◆ **Task instructions**
All that should come back is the lines of the data below from the one containing "说明:股价在120日线和24" to the one containing "LABUBU THE MONSTERS", inclusive, exactly as they stand.

◆ **Listed entries**
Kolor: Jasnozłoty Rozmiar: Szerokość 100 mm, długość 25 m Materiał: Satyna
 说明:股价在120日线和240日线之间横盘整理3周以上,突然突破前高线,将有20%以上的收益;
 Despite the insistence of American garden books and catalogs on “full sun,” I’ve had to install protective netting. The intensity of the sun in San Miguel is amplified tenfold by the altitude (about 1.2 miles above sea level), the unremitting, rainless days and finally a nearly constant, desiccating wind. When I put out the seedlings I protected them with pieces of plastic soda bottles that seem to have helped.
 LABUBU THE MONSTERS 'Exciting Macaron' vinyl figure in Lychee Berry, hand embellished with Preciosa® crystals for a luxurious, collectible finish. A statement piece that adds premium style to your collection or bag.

==

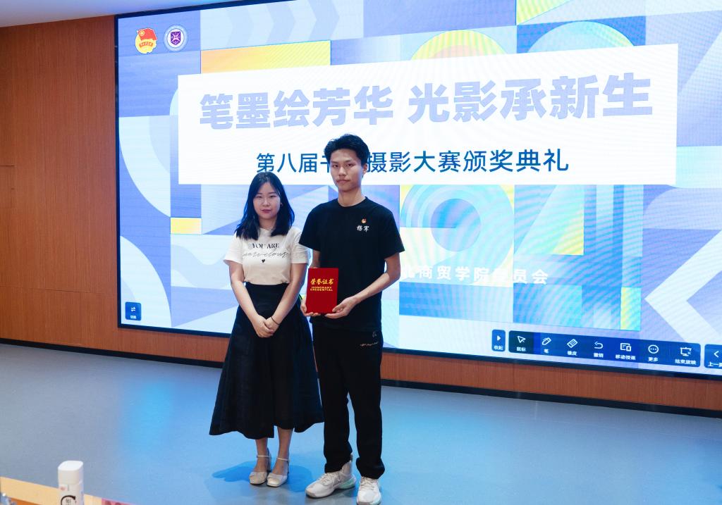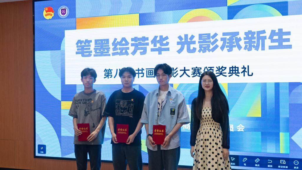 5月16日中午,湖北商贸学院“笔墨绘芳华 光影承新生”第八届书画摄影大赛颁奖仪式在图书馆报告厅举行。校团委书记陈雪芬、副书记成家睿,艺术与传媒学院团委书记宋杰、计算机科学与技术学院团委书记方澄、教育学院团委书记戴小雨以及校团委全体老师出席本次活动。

◆ **Task result**
 说明:股价在120日线和240日线之间横盘整理3周以上,突然突破前高线,将有20%以上的收益;
 Despite the insistence of American garden books and catalogs on “full sun,” I’ve had to install protective netting. The intensity of the sun in San Miguel is amplified tenfold by the altitude (about 1.2 miles above sea level), the unremitting, rainless days and finally a nearly constant, desiccating wind. When I put out the seedlings I protected them with pieces of plastic soda bottles that seem to have helped.
 LABUBU THE MONSTERS 'Exciting Macaron' vinyl figure in Lychee Berry, hand embellished with Preciosa® crystals for a luxurious, collectible finish. A statement piece that adds premium style to your collection or bag.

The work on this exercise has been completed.